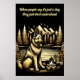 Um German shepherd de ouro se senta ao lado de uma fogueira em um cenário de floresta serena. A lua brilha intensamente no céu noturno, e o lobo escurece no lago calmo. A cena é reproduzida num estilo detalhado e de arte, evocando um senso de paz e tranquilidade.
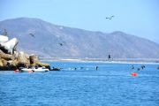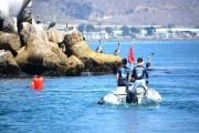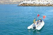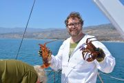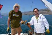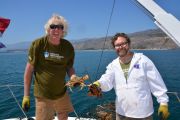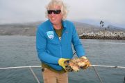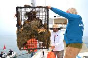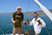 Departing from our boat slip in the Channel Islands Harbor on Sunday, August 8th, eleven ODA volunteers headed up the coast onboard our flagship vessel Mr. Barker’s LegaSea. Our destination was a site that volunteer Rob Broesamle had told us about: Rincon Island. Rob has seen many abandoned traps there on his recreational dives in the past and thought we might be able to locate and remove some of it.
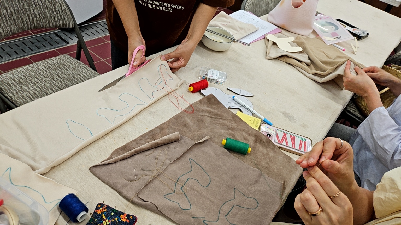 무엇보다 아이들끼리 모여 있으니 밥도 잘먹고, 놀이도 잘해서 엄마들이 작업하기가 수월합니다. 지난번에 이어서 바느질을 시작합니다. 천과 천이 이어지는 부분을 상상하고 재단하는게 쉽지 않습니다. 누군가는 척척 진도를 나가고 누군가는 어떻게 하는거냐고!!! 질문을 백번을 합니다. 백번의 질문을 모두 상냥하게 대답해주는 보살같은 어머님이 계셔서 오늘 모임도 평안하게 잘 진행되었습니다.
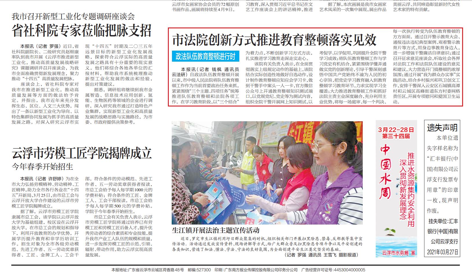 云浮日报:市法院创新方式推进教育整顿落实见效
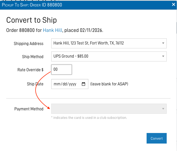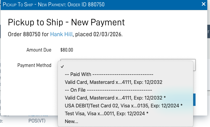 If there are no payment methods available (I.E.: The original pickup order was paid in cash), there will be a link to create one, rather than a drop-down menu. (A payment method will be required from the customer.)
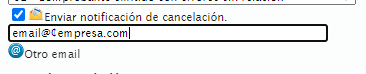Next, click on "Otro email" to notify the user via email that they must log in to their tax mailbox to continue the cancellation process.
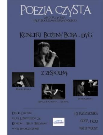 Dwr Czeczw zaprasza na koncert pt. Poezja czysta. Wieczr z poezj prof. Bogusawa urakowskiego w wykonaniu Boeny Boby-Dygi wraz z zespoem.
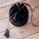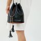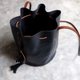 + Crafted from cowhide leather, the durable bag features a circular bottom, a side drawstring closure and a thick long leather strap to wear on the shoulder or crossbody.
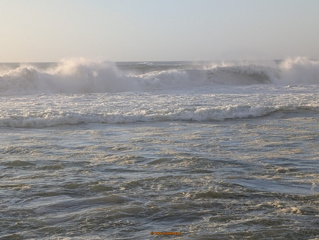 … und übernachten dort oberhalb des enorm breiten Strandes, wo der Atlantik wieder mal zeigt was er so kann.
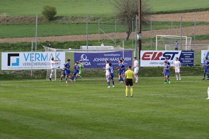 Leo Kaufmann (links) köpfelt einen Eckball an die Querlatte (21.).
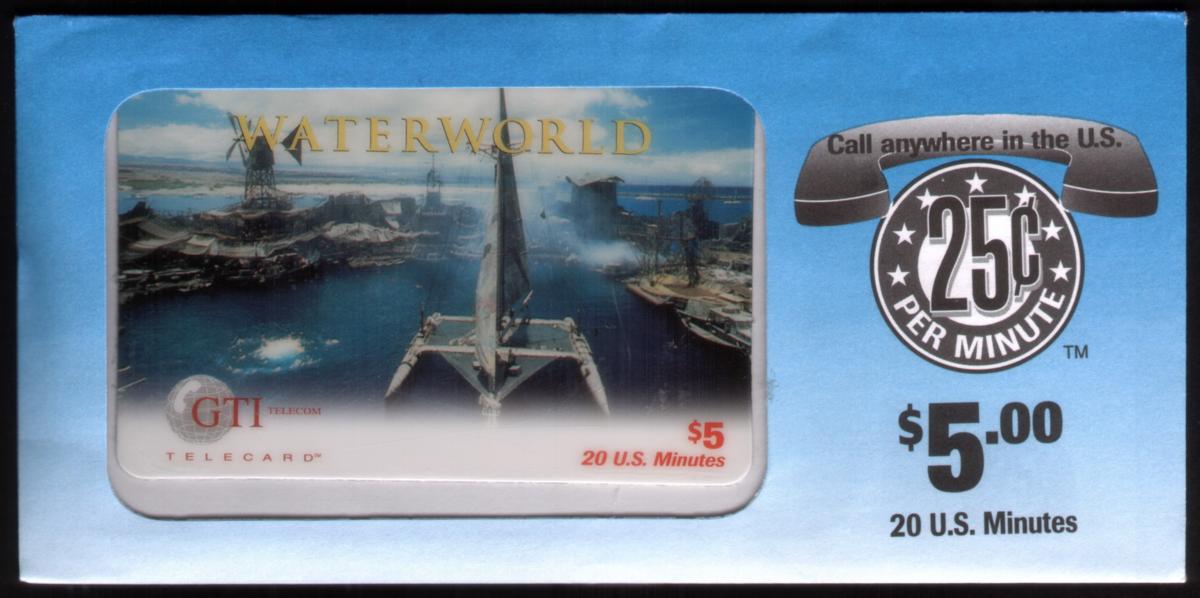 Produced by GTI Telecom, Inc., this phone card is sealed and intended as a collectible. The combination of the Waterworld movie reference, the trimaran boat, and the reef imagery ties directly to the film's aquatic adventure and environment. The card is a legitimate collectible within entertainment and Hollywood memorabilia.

+-------+

WHAT TO DO: Copy exactly the lines from the first line of the records above through the line with "Departing from our", both included, and nothing else. Pictures stay out.

EXERCISE RESPONSE:
 Um German shepherd de ouro se senta ao lado de uma fogueira em um cenário de floresta serena. A lua brilha intensamente no céu noturno, e o lobo escurece no lago calmo. A cena é reproduzida num estilo detalhado e de arte, evocando um senso de paz e tranquilidade.
 Departing from our boat slip in the Channel Islands Harbor on Sunday, August 8th, eleven ODA volunteers headed up the coast onboard our flagship vessel Mr. Barker’s LegaSea. Our destination was a site that volunteer Rob Broesamle had told us about: Rincon Island. Rob has seen many abandoned traps there on his recreational dives in the past and thought we might be able to locate and remove some of it.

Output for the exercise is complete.